Ia merendahkan tubuhnya, memasang kuda-kuda. Tangan kiri condong ke depan, tangan kanan tertekuk di sisi pinggang, siap meluncurkan serangan.
---
[Micro Bots] : Tuan, tekanan aura lawan meningkat. Disarankan bertahan.
[Wēi Qiao] : “…Diam. Aku tidak akan mundur.”
---
Wēi Hanfeng terkekeh, lalu merentangkan kedua tangannya.
[Wēi Hanfeng] : “Hahaha… lihatlah kau sekarang. Adik manis yang dulu hanya tahu menangis ketika terjatuh, kini berani menantangku? Menarik… sangat menarik.”
Aura merah pekat meledak dari tubuhnya, membentuk pusaran yang menghantam tanah hingga retak. Dari kejauhan, kelompok-kelompok latihan berhenti, senjata mereka terhenti di udara, menatap ngeri ke arah lapangan depan.
[Wēi Hanfeng] : “Baiklah, tunjukkan padaku. Sampai sejauh mana kau bisa berkembang.
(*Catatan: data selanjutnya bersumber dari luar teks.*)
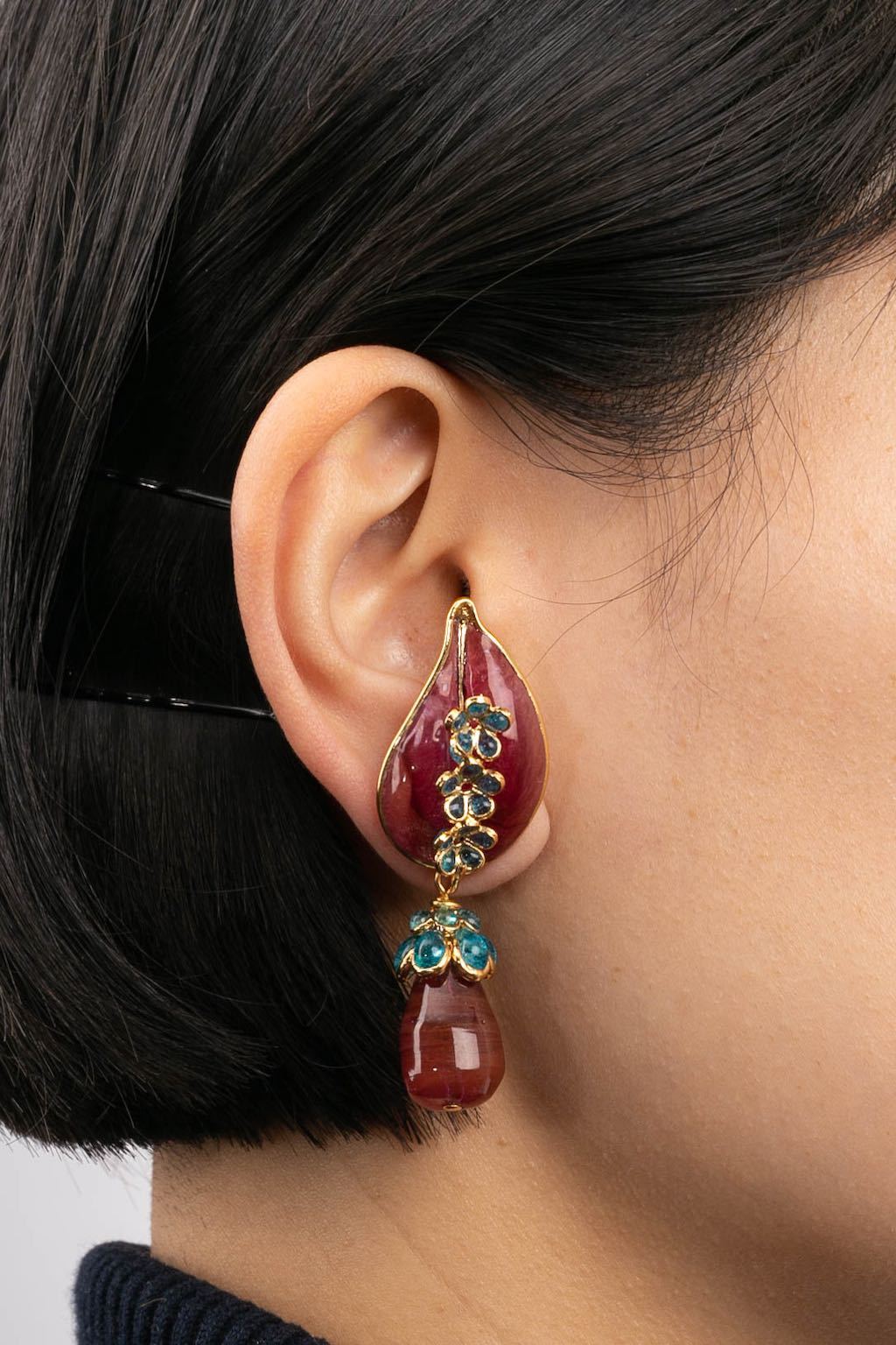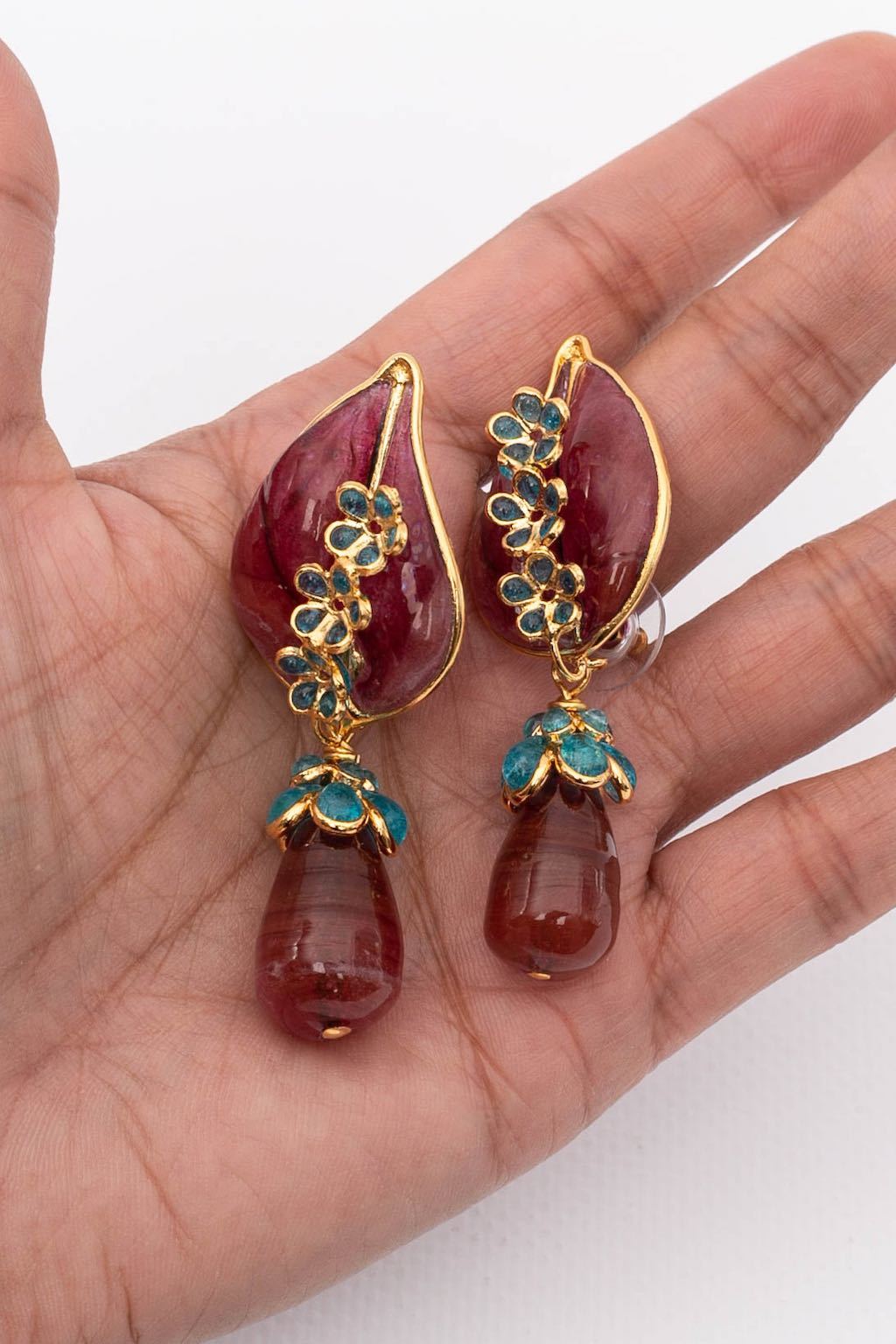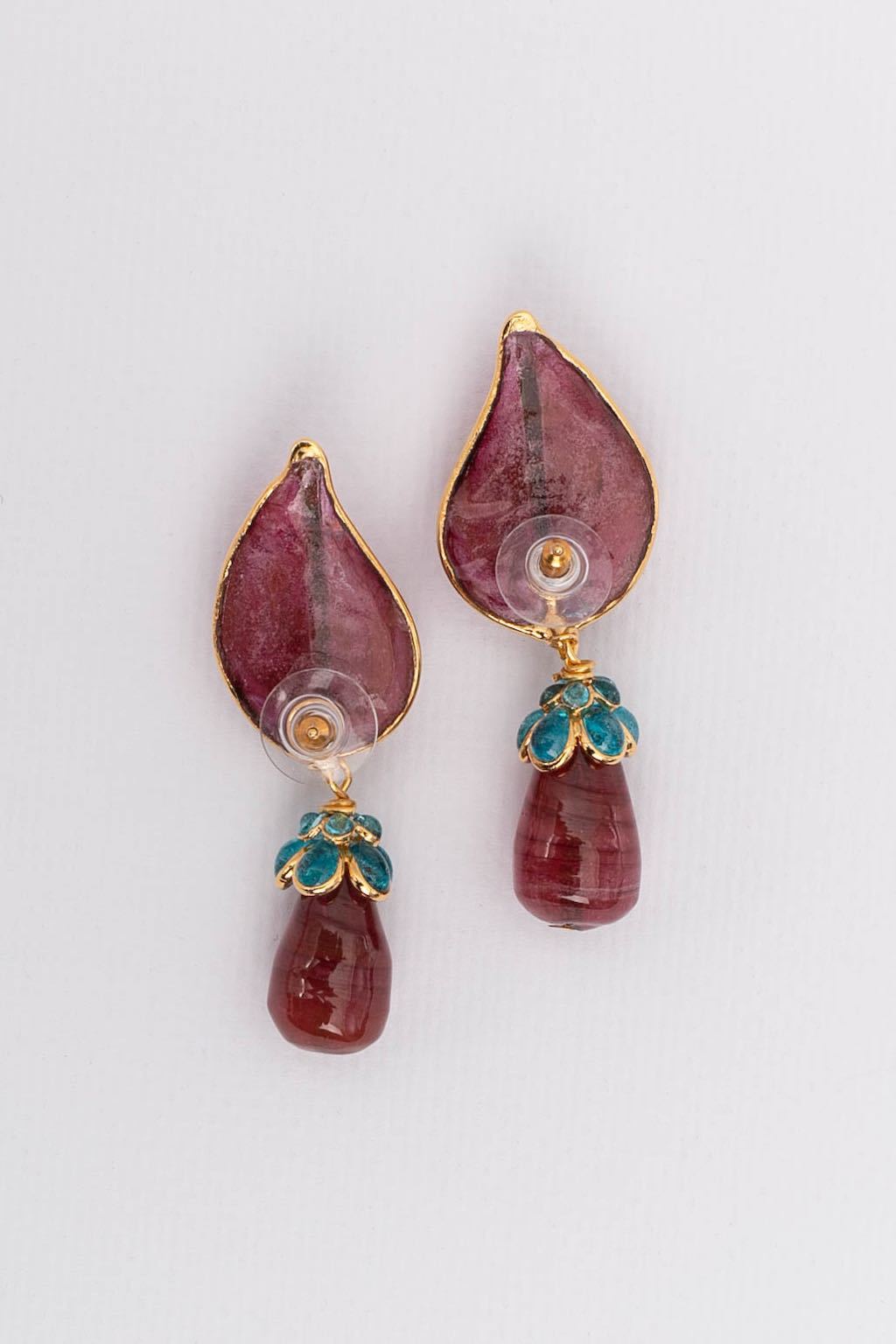 AUGUSTINE - Golen metal earrings with pink glass paste. Signature engraved into the pin.

Atau… buktikan pada mereka semua bahwa kau masih sama—beban yang tak berarti.”
---
Wēi Qiao hanya menatap lurus. Nafasnya teratur meski jantungnya berdentum kencang. Ketegangan di udara semakin menebal, hingga orang-orang di kejauhan merasa seperti dadanya dihantam batu besar.
[Micro Bots] : Tuan… deteksi pergerakan. Serangan pertama akan datang. Pilih pertahanan atau serangan balik?
Wēi Qiao memejamkan mata sesaat, lalu membukanya kembali dengan tatapan tajam.
[Wēi Qiao] : “…Serangan balik.”
Hawa ledakan aura menyapu seluruh lapangan. Tanah pecah, debu berhamburan. Di detik berikutnya, kedua sosok itu menghilang, meninggalkan benturan energi yang membuat semua orang berteriak kaget.